Dynamic feature sampling method analysis for the detection of microcrack on uncoated aluminum alloy surface by joint scanning laser thermography

Laser thermography is a cutting-edge non-destructive testing method with remarkable advantages such as contactless operation, swift detection, and exceptional sensitivity. In this study, an innovative thermal signal sampling method is introduced for the detection of microcracks on uncoated aluminum alloy surface through joint scanning laser thermography. Initially, numerical simulation was conducted to analyze the thermal response characteristics of the uncoated surface during inspection. Subsequently, the dynamic minimum value features of the surface temperature distribution were extracted within a large region of interest, and the optimal sampling region was determined by evaluating the signal-to-noise ratio. The temperature curves of the sampling results showed a clear peak-valley bipolar feature at the microcrack locations.

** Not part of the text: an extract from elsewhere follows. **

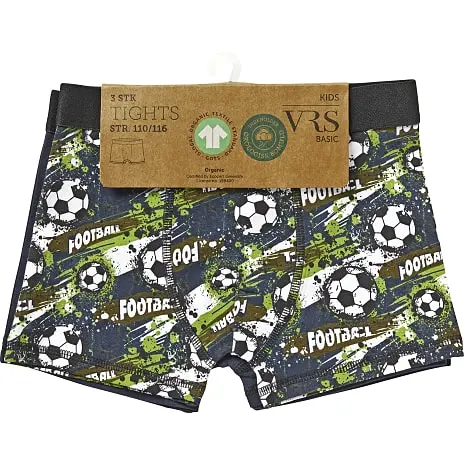 3-pak boxershorts bestående af en printet og to ensfarvede. Disse boxershorts til børn indeholder 95% bomuld (økologisk) og er GOTS certificeret. Findes i flere størrelser.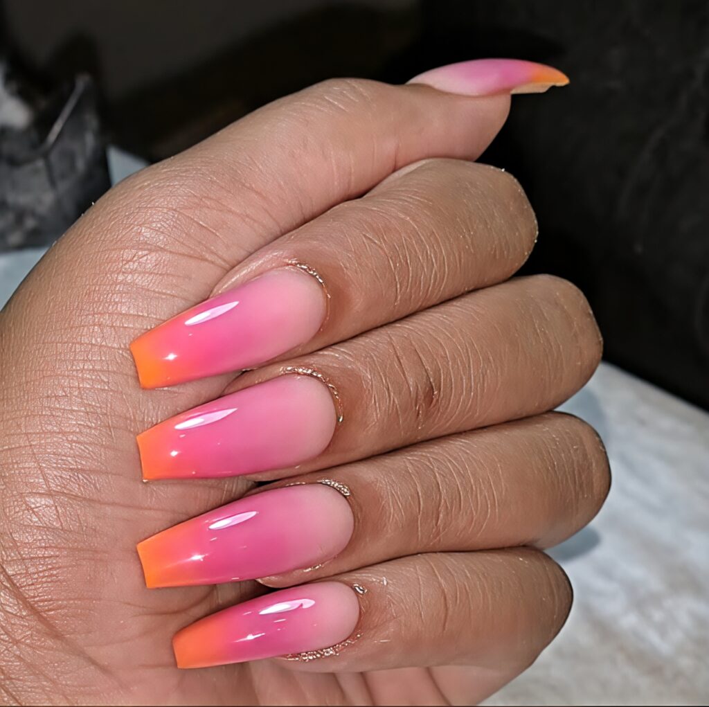 This nail design looks like a beautiful summer sunset. The colors slowly blend from orange to pink and then purple creating a soft ombre effect. To make it more magical a little dark blue or shiny glitter is added on top which looks like the night sky. This design feels dreamy and calm. It is perfect for evening events, beach vacations or summer photos. It gives warm and romantic vibes that many girls love.

The correlation coefficient of one-dimensional continuous wavelet transform was employed to extract the singularity of crack features, and the singularity points were clearly defined to locate the microcracks spatial location. The experimental results showed that our proposed detection method could quickly and automatically locate and characterize microcracks on the surface of uncoated aluminum alloy with good stability and robustness. This method provides a feasible solution for the application of laser thermography in industry, thus improving the quality and safety performance of products.